With an education network already in place, the sisters just switched from teaching people how to read to how to prevent the spread of Ebola.

“We’re using the same team throughout the whole county,” Kelly said, and that team has since expanded its reach as the crisis demanded.

With Ebola, they quickly learned, education can be the difference between life and death.

“In the initial stages, many people died because they only went to the clinic at the last minute, so the treatment came too late. So we had to educate them to go right away, to seek help as soon as they’re sick,” Kelly said. “We also had to teach them that Ebola is real – some people thought that it was just made up or that it was some kind of money-making scheme.”

The sisters also had to teach people that the traditional burial methods could be deadly: The local custom is for family members to wash the body, and extended family comes from all over to take part in the rituals – and at the time when the virus is most dangerous.

“In one village near us, 165 people died, largely due to burials,” Kelly said. “In their traditional beliefs, they have something called ‘bad signs,’ so if you’re sick, it’s because someone put a bad sign on you. And with Ebola, many people believed that’s what happened. Then they died and all the rituals began, and before you knew it, it had spread everywhere.”

Then panic set in, as people didn’t know what to do or where to turn.
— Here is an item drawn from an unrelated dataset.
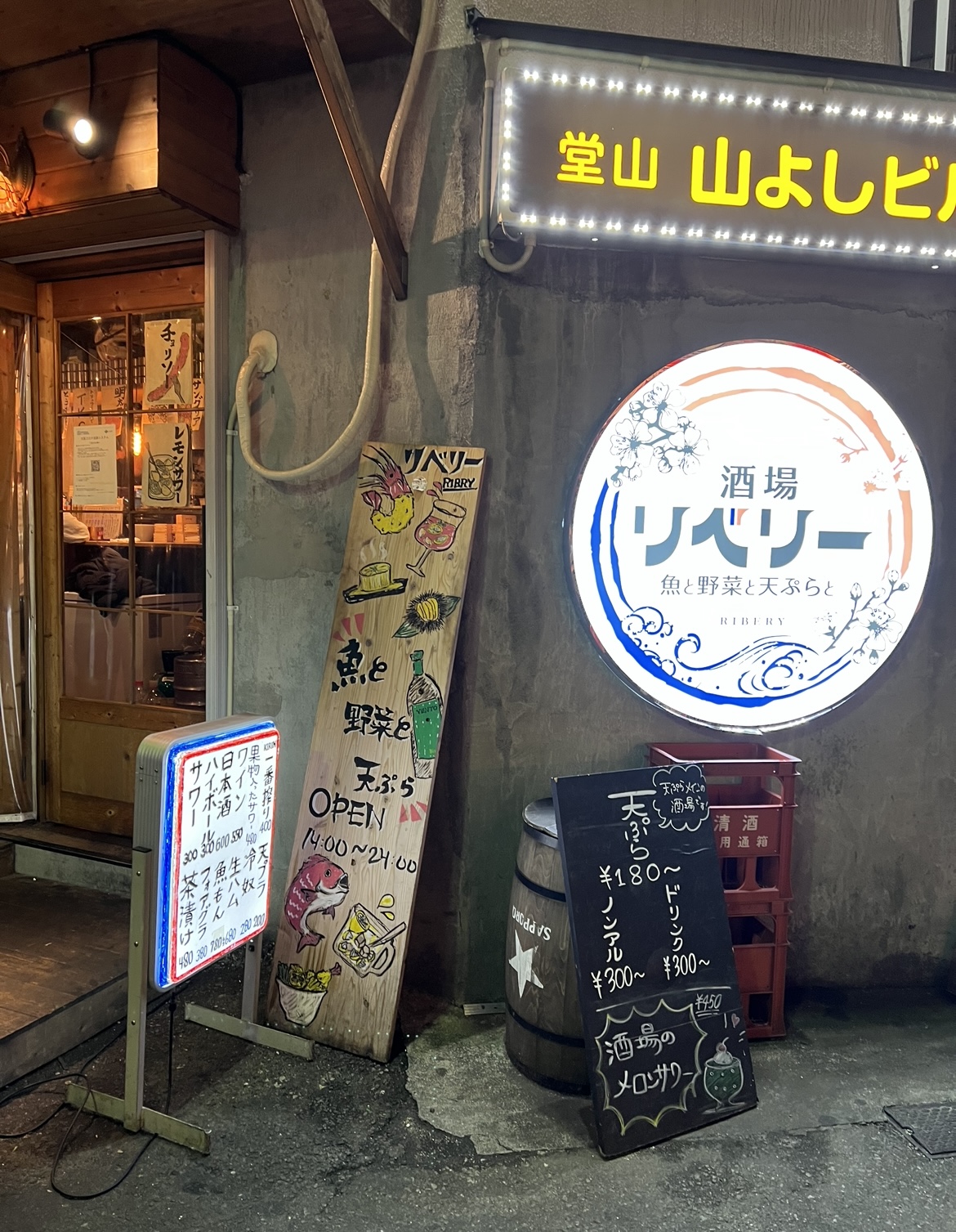 ネオンで明るい居酒屋で、店内はぎゅっと集まった席にお客さんがいっぱいでした

“In one case, instead of calling a treatment center, they took the sick person to Guinea, where they infected others. Then they brought them back and spread it further, and then died,” Kelly said. “In some cases, whole families were wiped out.”

Information was key.

“Not being able to bury their loved ones in the traditional way and to have to call emergency workers in all this gear to come get the body, it terrified them,” Kelly said. “But once they’re educated, those fears subside.”

They also had to educate them on simple things that not only help to fight the spread of Ebola, but other illnesses, as well – which became critical as the little bit of health care infrastructure that existed collapsed under the Ebola explosion.

Kelly said West Africa cannot be forgotten.

“The thing I most want people to know is this is a tragedy that can strike anywhere, but it struck the most vulnerable part of the world. We in the international community must put our best foot forward and let the people of West Africa know they matter to us,” she said. “Keep all of us and all of West Africa in your prayers – it is as important as all the financial contributions.”

[Dan Stockman is national correspondent for Global Sisters Report.]